- Supplied entries:

*** Block opens ***

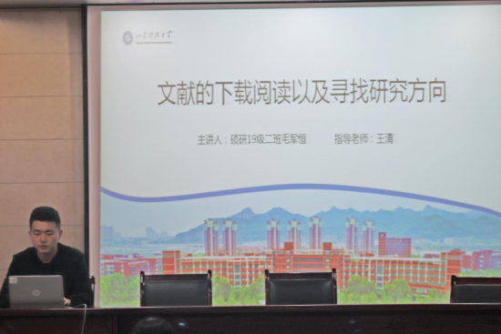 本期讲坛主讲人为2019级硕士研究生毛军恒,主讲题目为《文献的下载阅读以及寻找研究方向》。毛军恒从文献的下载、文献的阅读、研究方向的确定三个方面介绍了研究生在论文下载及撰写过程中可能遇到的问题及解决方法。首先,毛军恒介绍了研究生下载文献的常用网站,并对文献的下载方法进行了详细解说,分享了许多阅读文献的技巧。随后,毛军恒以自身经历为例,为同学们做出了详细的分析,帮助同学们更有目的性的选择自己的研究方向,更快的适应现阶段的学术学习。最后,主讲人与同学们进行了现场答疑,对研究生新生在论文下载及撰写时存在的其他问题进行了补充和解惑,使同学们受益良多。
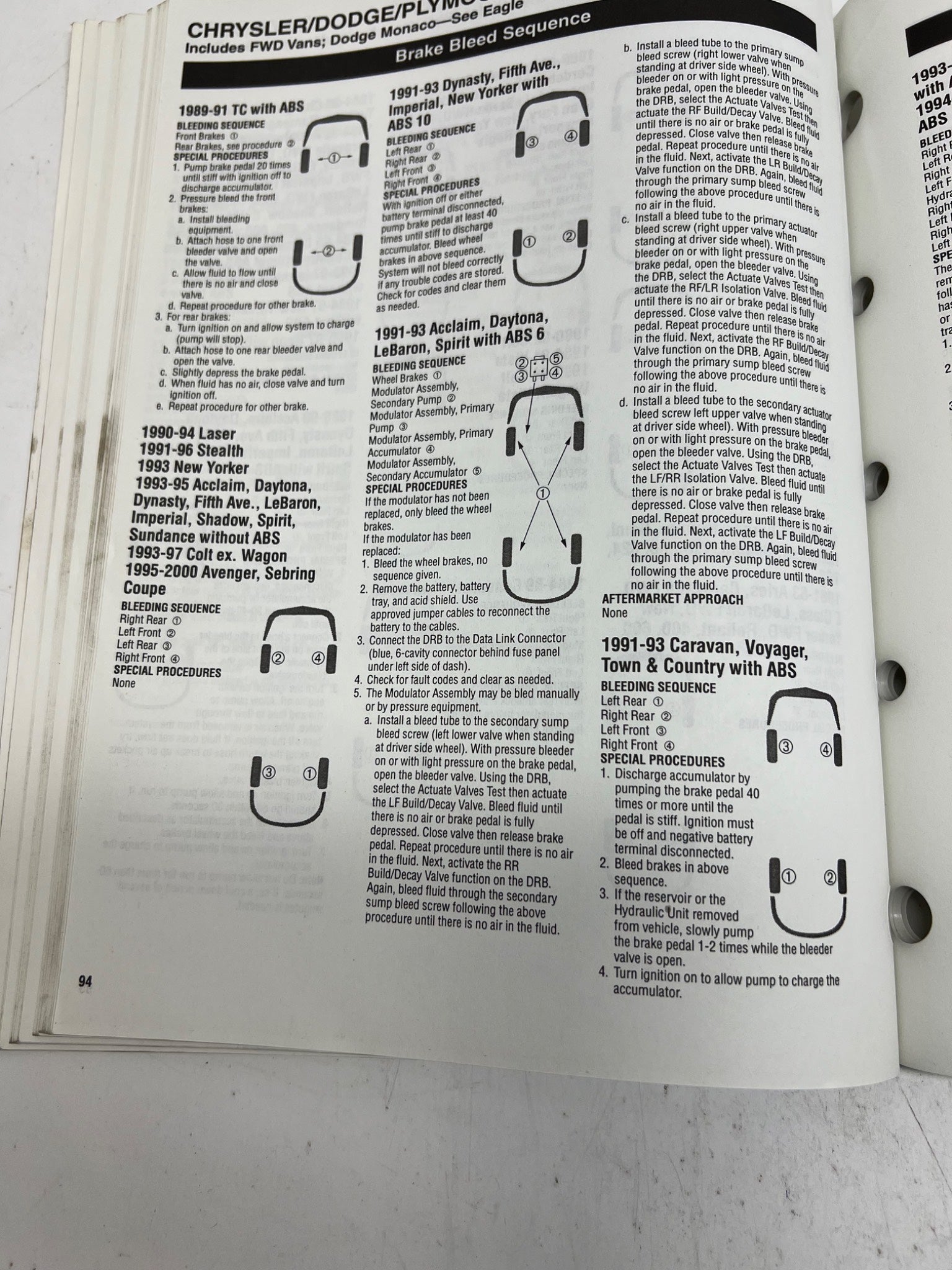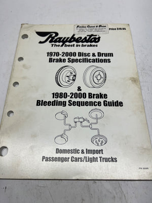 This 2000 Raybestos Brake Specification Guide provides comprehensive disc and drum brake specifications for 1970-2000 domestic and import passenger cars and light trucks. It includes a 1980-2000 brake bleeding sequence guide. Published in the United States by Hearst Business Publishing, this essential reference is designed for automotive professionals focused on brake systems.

*** Block closes ***
*** Block opens ***

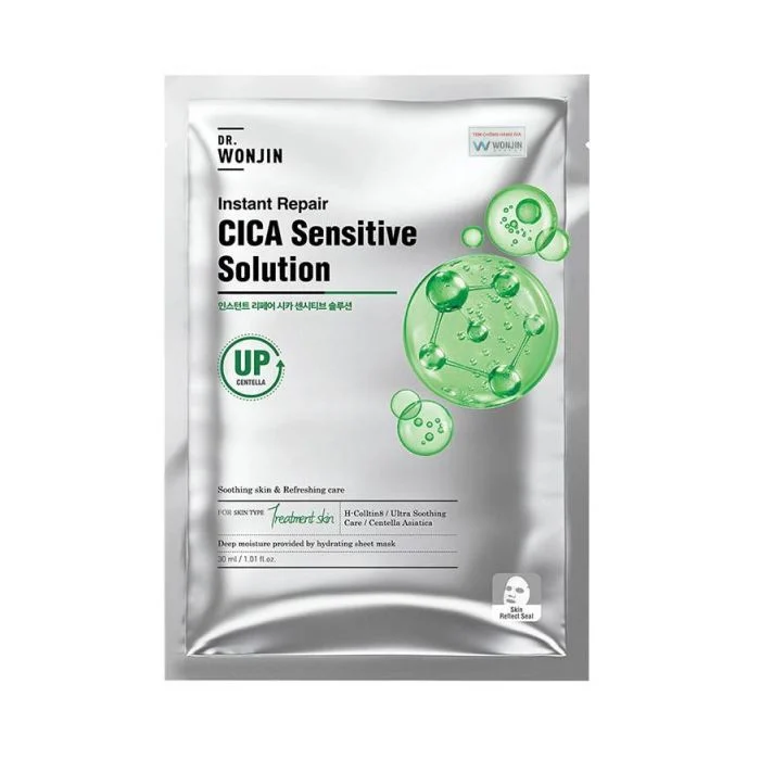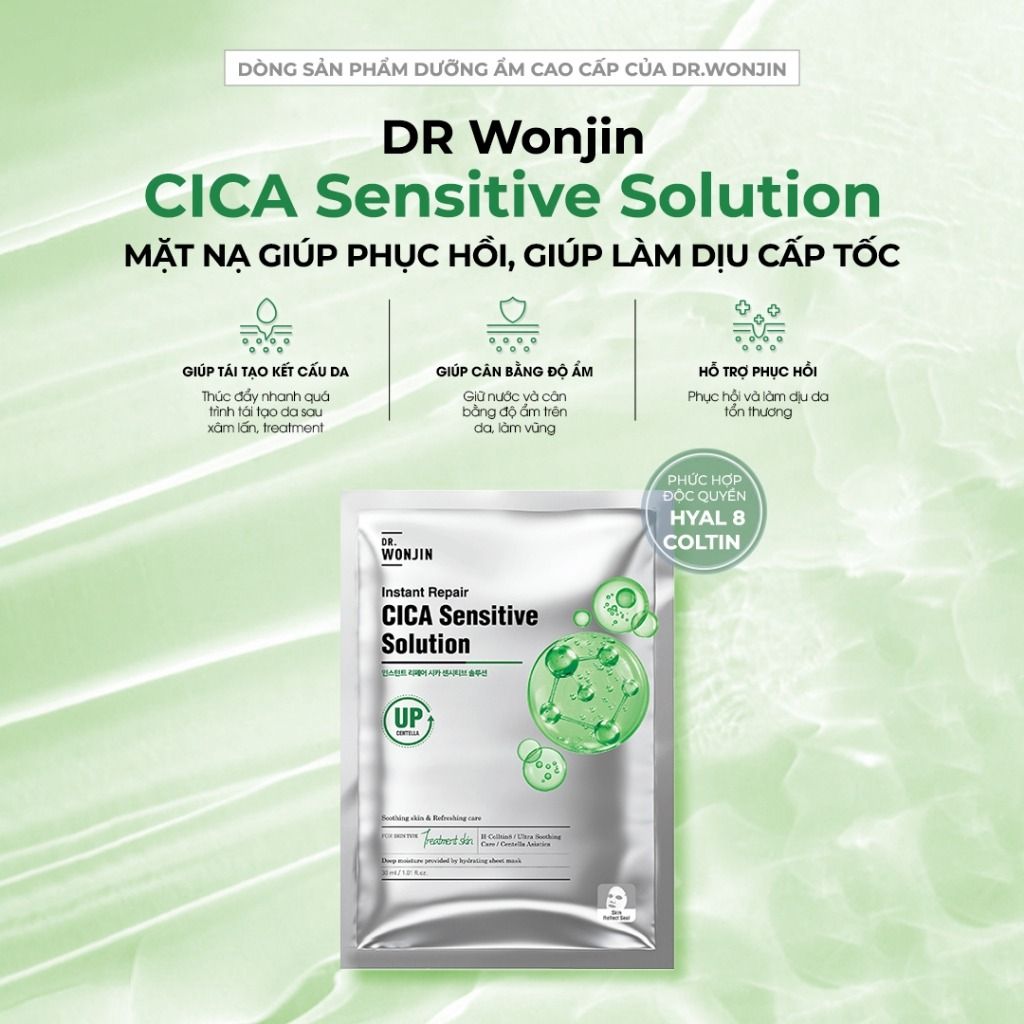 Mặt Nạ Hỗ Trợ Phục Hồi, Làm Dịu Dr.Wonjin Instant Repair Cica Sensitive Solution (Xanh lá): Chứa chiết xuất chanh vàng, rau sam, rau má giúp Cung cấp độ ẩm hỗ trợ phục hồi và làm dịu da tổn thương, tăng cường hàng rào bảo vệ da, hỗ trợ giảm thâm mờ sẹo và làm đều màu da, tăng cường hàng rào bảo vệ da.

*** Block closes ***
*** Block opens ***

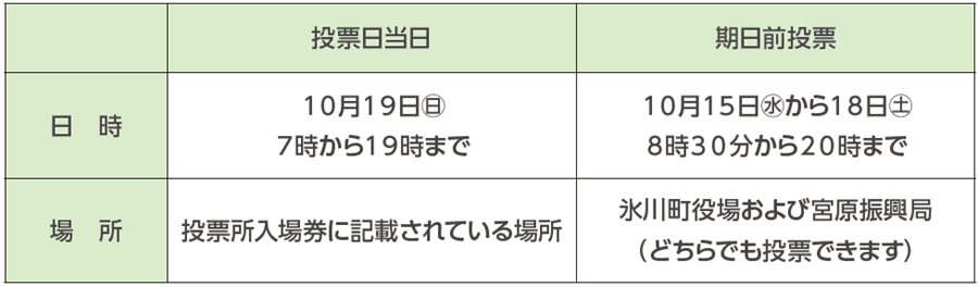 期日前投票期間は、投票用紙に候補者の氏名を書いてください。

*** Block closes ***

- What you will do: In the listing above, find the line containing "本期讲坛主讲人为2019级硕" and the line containing "This 2000 Raybestos", then print exactly those two lines and every line between them, minus the pictures.

- Answer to the problem:
 本期讲坛主讲人为2019级硕士研究生毛军恒,主讲题目为《文献的下载阅读以及寻找研究方向》。毛军恒从文献的下载、文献的阅读、研究方向的确定三个方面介绍了研究生在论文下载及撰写过程中可能遇到的问题及解决方法。首先,毛军恒介绍了研究生下载文献的常用网站,并对文献的下载方法进行了详细解说,分享了许多阅读文献的技巧。随后,毛军恒以自身经历为例,为同学们做出了详细的分析,帮助同学们更有目的性的选择自己的研究方向,更快的适应现阶段的学术学习。最后,主讲人与同学们进行了现场答疑,对研究生新生在论文下载及撰写时存在的其他问题进行了补充和解惑,使同学们受益良多。
 This 2000 Raybestos Brake Specification Guide provides comprehensive disc and drum brake specifications for 1970-2000 domestic and import passenger cars and light trucks. It includes a 1980-2000 brake bleeding sequence guide. Published in the United States by Hearst Business Publishing, this essential reference is designed for automotive professionals focused on brake systems.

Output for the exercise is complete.